La función que cumple el profesor requiere que éste pueda, en principio, en relación con la materia de la que es responsable, manifestar las ideas y convicciones que según su criterio profesional considere pertinentes e indispensables, lo que incluye la determinación del método que juzgue más apropiado para impartir sus enseñanzas.

Cabe aquí recordar una anécdota que vivió Estanislao Zuleta cuando estaba cursando el bachillerato. En una ocasión el profesor de Historia tuvo que ausentarse y dejó a alguien encargado; esta persona se dedicó a contar historias de los viajes de Colón y de las guerras mundiales, sin mencionar una fecha ni hacer uso del tablero, motivo por el cual Zuleta refiere que no aprendió historia como se quisiera, pero sí llegó a quedar encantado por el potencial que tenía la historia, develándole los orígenes y raíces de nuestra existencia. El profesor le dejó a Zuleta algo mucho más valioso que los datos y las notas, una inquietud por la historia que marcó su vida.

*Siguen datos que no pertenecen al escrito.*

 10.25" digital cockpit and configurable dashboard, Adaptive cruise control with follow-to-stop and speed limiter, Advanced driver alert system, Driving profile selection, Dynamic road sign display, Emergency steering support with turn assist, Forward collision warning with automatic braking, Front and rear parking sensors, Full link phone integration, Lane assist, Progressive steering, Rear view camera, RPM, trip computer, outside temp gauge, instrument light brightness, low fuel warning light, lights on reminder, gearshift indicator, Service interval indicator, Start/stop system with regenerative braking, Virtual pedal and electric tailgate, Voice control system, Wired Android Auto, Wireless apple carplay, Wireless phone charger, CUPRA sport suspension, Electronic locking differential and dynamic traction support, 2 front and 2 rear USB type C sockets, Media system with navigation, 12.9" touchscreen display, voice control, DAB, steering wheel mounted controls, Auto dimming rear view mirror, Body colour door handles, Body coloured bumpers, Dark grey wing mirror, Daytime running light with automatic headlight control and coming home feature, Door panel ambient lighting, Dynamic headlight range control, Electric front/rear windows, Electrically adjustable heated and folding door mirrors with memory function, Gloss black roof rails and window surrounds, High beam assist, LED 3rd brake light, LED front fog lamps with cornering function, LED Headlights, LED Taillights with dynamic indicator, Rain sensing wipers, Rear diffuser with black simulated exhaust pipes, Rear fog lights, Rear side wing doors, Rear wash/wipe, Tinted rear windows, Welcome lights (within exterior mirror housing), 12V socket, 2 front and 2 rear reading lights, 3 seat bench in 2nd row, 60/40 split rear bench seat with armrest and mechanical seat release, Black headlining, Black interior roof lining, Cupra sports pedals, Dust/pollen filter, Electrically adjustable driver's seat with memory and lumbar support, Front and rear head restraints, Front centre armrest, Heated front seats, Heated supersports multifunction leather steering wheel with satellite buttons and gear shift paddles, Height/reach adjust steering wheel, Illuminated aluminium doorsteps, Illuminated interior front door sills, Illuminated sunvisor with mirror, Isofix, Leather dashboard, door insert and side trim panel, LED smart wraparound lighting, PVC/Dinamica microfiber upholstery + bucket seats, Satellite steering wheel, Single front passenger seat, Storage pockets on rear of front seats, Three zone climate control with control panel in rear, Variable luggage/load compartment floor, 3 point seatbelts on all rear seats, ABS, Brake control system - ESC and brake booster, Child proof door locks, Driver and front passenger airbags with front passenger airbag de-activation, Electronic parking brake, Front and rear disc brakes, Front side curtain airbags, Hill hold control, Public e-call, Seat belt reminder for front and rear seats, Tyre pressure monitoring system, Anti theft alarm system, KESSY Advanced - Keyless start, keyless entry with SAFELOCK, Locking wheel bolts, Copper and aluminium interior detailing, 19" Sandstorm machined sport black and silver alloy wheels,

Recordando esta anécdota podemos decir que quienes se oponen a la libertad de cátedra la defienden y la entienden de manera abstracta, sin comtemplar el pensamiento crítico como una condición innata; olvidan que no hay mejor forma de enseñar que aquella que apasiona, encanta, enamora y, más aún, decepciona, porque es por esos procesos afectivos que el ejercicio de la razón debe sobreponerse para valorar la solidez de lo aprendido, solo así se reafirma el pensamiento crítico.

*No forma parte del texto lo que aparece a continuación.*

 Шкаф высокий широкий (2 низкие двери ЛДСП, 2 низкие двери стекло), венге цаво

Recuérdese, finalmente, lo que decía el maestro Carlos Gaviria al respecto de quienes afirmaban ser demócratas; él descreía de estas personas porque, decía, antes que ser demócrata “se es persona, amigo, hermano, liberal, republicano o socialista”, motivo por el cual no se puede ser demócrata en sí, abstractamente. De igual manera no se puede ser solo profesor en sí, pues antes que ser profesor se es padre, madre, hermano, hincha de algún equipo y seguidor de ideas políticas, de todo lo cual le será supremamente difícil desprenderse.